(Listed entries begins)

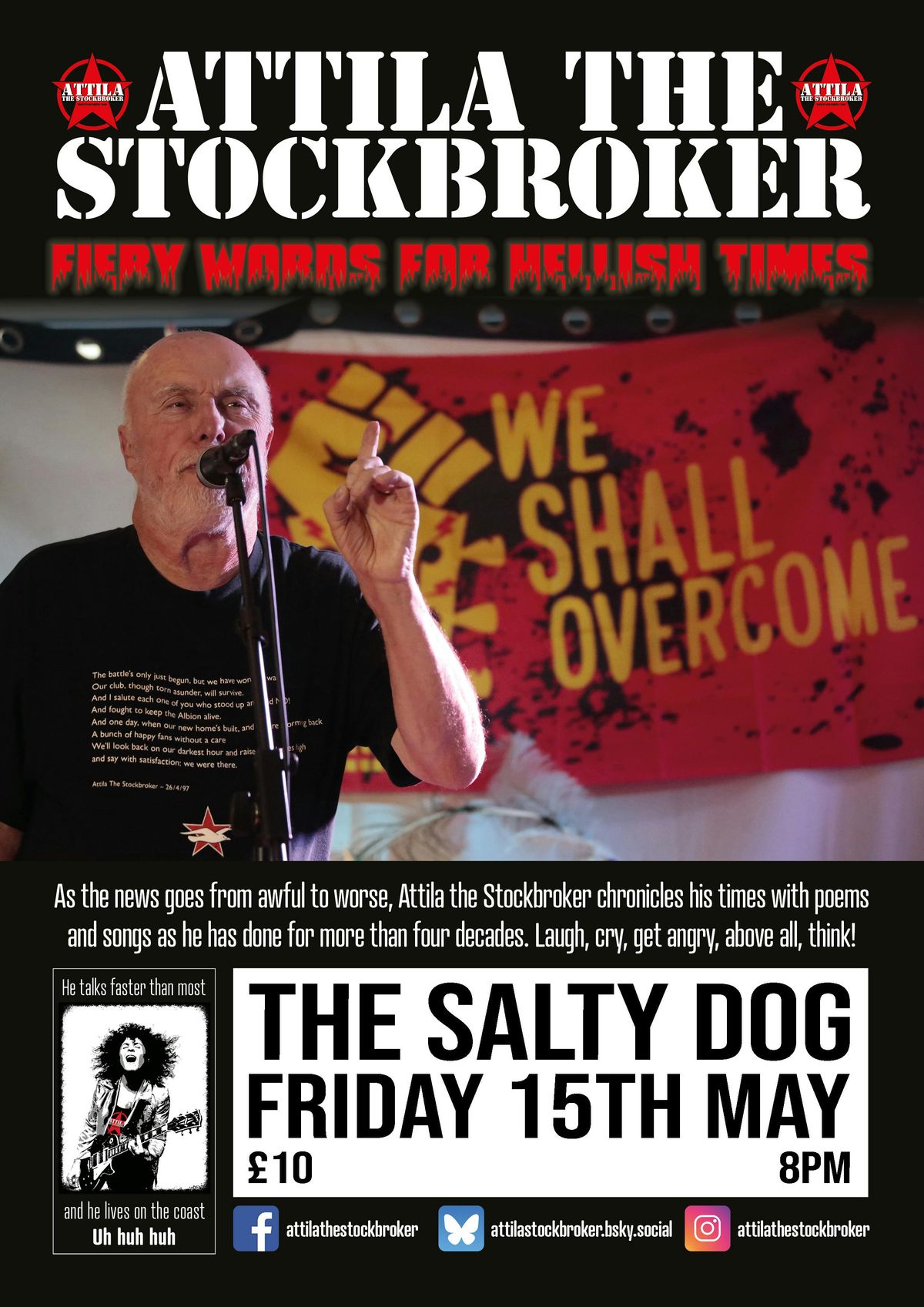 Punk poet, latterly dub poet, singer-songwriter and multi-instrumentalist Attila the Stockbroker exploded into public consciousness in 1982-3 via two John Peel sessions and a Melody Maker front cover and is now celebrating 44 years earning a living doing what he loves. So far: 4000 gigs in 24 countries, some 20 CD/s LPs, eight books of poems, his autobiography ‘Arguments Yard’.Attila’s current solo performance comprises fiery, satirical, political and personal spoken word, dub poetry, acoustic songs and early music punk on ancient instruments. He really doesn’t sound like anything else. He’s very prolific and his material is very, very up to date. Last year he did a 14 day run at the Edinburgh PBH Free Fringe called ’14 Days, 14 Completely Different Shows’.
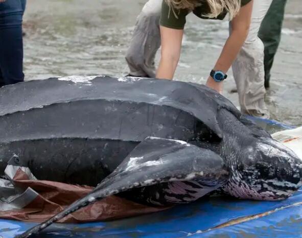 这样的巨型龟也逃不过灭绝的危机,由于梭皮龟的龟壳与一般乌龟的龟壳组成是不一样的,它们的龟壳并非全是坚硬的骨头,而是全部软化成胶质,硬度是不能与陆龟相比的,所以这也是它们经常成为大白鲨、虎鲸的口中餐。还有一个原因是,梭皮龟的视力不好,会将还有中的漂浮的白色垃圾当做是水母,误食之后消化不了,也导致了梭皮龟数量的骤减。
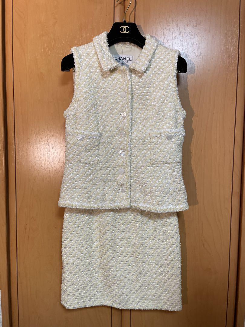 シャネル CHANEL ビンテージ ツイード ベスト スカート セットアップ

(Listed entries ends)
(Listed entries begins)

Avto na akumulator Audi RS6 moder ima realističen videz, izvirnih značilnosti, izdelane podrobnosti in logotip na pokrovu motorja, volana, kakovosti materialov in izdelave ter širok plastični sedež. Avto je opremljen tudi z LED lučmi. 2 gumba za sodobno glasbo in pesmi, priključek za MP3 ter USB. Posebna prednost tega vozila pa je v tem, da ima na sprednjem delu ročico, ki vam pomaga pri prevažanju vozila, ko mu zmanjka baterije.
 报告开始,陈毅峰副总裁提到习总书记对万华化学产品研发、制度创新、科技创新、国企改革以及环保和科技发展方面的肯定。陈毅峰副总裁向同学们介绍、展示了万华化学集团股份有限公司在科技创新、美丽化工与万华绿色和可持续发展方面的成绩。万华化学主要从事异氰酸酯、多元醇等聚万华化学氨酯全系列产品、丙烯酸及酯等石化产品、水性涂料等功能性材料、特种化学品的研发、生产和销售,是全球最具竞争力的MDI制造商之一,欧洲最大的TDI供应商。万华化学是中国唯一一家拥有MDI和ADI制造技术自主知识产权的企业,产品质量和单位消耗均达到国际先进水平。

(Listed entries ends)

= Exercise brief =
Taking the entries above, print exactly the lines starting at the line with "Avto na akumulator" and ending at the line with "报告开始,陈毅峰副总裁提到习", both included.

= Exercise output =
Avto na akumulator Audi RS6 moder ima realističen videz, izvirnih značilnosti, izdelane podrobnosti in logotip na pokrovu motorja, volana, kakovosti materialov in izdelave ter širok plastični sedež. Avto je opremljen tudi z LED lučmi. 2 gumba za sodobno glasbo in pesmi, priključek za MP3 ter USB. Posebna prednost tega vozila pa je v tem, da ima na sprednjem delu ročico, ki vam pomaga pri prevažanju vozila, ko mu zmanjka baterije.
 报告开始,陈毅峰副总裁提到习总书记对万华化学产品研发、制度创新、科技创新、国企改革以及环保和科技发展方面的肯定。陈毅峰副总裁向同学们介绍、展示了万华化学集团股份有限公司在科技创新、美丽化工与万华绿色和可持续发展方面的成绩。万华化学主要从事异氰酸酯、多元醇等聚万华化学氨酯全系列产品、丙烯酸及酯等石化产品、水性涂料等功能性材料、特种化学品的研发、生产和销售,是全球最具竞争力的MDI制造商之一,欧洲最大的TDI供应商。万华化学是中国唯一一家拥有MDI和ADI制造技术自主知识产权的企业,产品质量和单位消耗均达到国际先进水平。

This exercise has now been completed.